As a former colony of the Netherlands, Indonesia is connected to its former colonizer in various ways. The appeal the Netherlands holds for many Indonesians can be seen in the exchange of knowledge and language between the two countries and in the migration patterns of their respective people. Accounts of Indonesians moving to the Netherlands, either for temporary visits or permanently, have been recorded since 1600. These Indonesian immigrants range from royal envoys to young people wanting to continue their education, artists, laborers, and unskilled workers. The wave of migration increased when the Netherlands provided an opportunity for residents of the Dutch East Indies (as Indonesia was known before independence) born before 1949 to obtain Dutch citizenship, on the basis that the Dutch government only recognized Indonesia’s independence in 1949. These Indonesian migrants, the majority of whom were Muslims, did not let go of their cultural identity and background after their arrival in the Netherlands. So, it is not surprising that many of the Islamic organizations that have emerged in the Netherlands either incorporate the name of Indonesia in their titles or, in the case of more global Islamic organizations, are organised and run by Indonesian migrants.

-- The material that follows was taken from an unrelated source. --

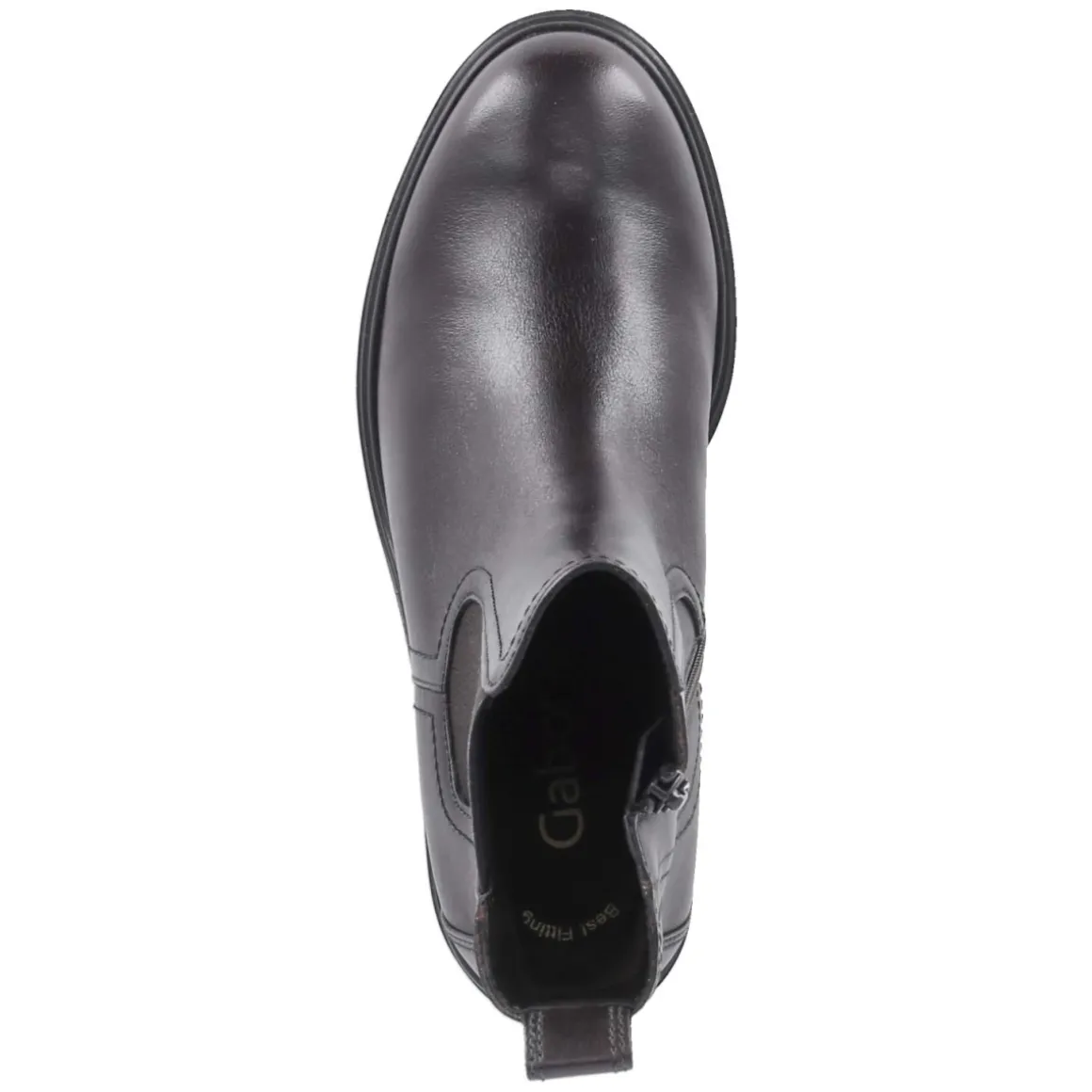Der Ankle Boot von Gabor verbindet zeitlose Eleganz mit alltagstauglichem Komfort. Glattes, langlebiges Echtleder in warmem Dunkelbraun umschließt den Fuß, die runde Spitze und die verstärkte Ferse sorgen für angenehmen Halt. Ein praktischer Reißverschluss erleichtert das Anziehen, während der Chelsea-Charakter mit großem Elastikeinsatz außen für Flexibilität steht. Der 6 cm hohe Blockabsatz streckt dezent und bleibt dank Profilsohle souverän und rutschhemmend. Innen bietet die textile Decksohle ein weiches Fußklima; das komfortable Wechselfußbett lässt sich bei Bedarf gegen eigene Einlagen tauschen. Die Passform fällt normal aus und begleitet zuverlässig durch Büro, Stadtbummel und Abendtermin. Modetipp: Ton-in-Ton mit Karamell- oder Beigetönen, etwa zu Midirock und Strickkleid, entsteht ein edler Monochrom-Look; alternativ setzt Raw-Denim einen lässigen Kontrast.

During colonial times, Dutch was widely used as a language of business, government, and education in the East Indies. Within this context the first Qur’an translation into Dutch, ‘De Heilege Qoeran’, was produced by Soedewo, a Muhammadiyah school teacher from Java, in 1934. However, following the proclamation of Indonesian independence in 1945, Dutch gradually disappeared from everyday conversation, as well as academic activities, and Soedewo’s Dutch Qur’an lost its social significance in Indonesia. In contrast, Indonesian communities in the Netherlands did continue to use Soedewo’s Qur’an, but, as time passed, it came under criticism for its strong reliance on an English translation of Qur’an ‘The Holy Quran’, produced by Muhammad Ali, who was an Ahmadiyya follower (please see Johanna Pink https://gloqur.de/quran-translation-of-the-week-21-soedewo-and-the-dutch-quran-in-indonesia/ This was problematic, as the Ahmadiyya is not recognized as an Islamic movement by the majority of mainstream Muslims. In addition, ‘De Heilege Qoeran’ also uses archaic Dutch vocabulary, which made it increasingly inaccessible to its target audience.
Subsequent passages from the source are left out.